5. O critério legal de incidência do IPI é o valor da operação de saída da mercadoria, e não o faturamento ou a receita, de modo que a alegação de que ICMS, PIS e COFINS não constituem riqueza própria da contribuinte não afasta sua inclusão na base de cálculo.
6. O Tema 69/STF não se aplica analogicamente à base de cálculo do IPI, pois aquele precedente examina a incidência do PIS e da COFINS sobre faturamento ou receita, enquanto a controvérsia destes autos envolve o IPI e o conceito legal de valor da operação.

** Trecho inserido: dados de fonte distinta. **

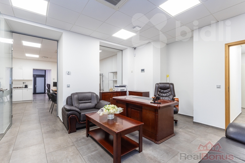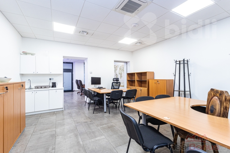 Prostor o výměře 94 m2 je řešen jako tři na sebe navazující (průchozí) kancelářské místnosti, což umožňuje plynulý provoz, variabilní uspořádání a efektivní využití plochy. Jednotka je vhodná pro kanceláře, showroom, klientské centrum nebo obchodní provoz. Přímý kontakt s ulicí prostřednictvím výlohy a příprava na podsvícené reklamní označení na fasádě zajišťují vysokou viditelnost a silný obchodní potenciál.

7. O julgamento superveniente do Tema 1.304/STJ, desfavorável à pretensão da contribuinte, afasta o fundamento para a tutela específica destinada a resguardar eventual benefício decorrente de futura modulação dos efeitos do precedente repetitivo.
8. A manutenção da incidência do ICMS, do PIS e da COFINS na base de cálculo do IPI afasta a existência de indébito tributário e prejudica os pedidos de compensação dos valores recolhidos no quinquênio anterior ao ajuizamento e de seus consectários.
9. Não são devidos honorários advocatícios em mandado de segurança, nos termos do art. 25 da Lei nº 12.016/2009, da Súmula nº 105 do STJ e da Súmula nº 512 do STF, inexistindo verba honorária a ser majorada em grau recursal.
IV. DISPOSITIVO E TESES
10. Recurso desprovido.
Teses de julgamento: 1. O ICMS, o PIS e a COFINS não podem ser excluídos da base de cálculo do IPI, pois integram o valor total da operação de saída do produto industrializado. 2. O entendimento firmado no Tema 69/STF não se aplica à base de cálculo do IPI, diante da distinção entre as respectivas materialidades e bases de cálculo. 3. O julgamento do Tema 1.304/STJ em sentido desfavorável à pretensão do contribuinte afasta pedido de tutela específica destinado a resguardar eventual benefício decorrente de modulação de efeitos. 4. A inexistência de indébito tributário prejudica o pedido de compensação dos valores recolhidos a título de IPI. 5. Não são devidos honorários advocatícios em mandado de segurança.
Dispositivos relevantes citados: CTN, art. 47, II, “a”; Lei nº 4.502/1964, art. 14, II; CPC, arts. 85, § 11, e 487, I; Lei nº 12.016/2009, art. 25.
Jurisprudência relevante citada: STJ, Tema 1.304, REsps nº 2.119.311/SC, 2.143.866/SP e 2.143.997/SP, Primeira Seção, j. 10.12.2025; STJ, AgInt no REsp nº 2.013.239/RS; STJ, AgInt no REsp nº 2.115.638/PR; STJ, AgInt no REsp nº 2.116.487/SC; STJ, REsp nº 675.663/PR; STF, RE nº 574.706/PR, Tema 69; TRF2, Apelação Cível nº 5045870-71.2024.4.02.5101/RJ, Rel. Des. Fed. Carmen Silvia Lima de Arruda, Quarta Turma Especializada, j. 20.10.2025; TRF2, Apelação Cível nº 5014471-72.2020.4.02.5001/ES, Rel. Des. Fed. Marcus Abraham, Terceira Turma Especializada, DJ 06.07.2021; TRF2, Apelação Cível nº 5010242-37.2019.4.02.5120/RJ, Rel. Des. Fed. Luiz Antonio Soares, Quarta Turma Especializada, DJ 31.08.2020, DP 11.09.2020; STJ, Súmula nº 105; STF, Súmula nº 512.
ACÓRDÃO
Vistos e relatados estes autos em que são partes as acima indicadas, a Egrégia 4ª Turma Especializada do Tribunal Regional Federal da 2ª Região decidiu, por unanimidade, CONHECER da apelação e NEGAR-LHE PROVIMENTO, nos termos do relatório, votos e notas de julgamento que ficam fazendo parte integrante do presente julgado.
Rio de Janeiro, 31 de agosto de 2026.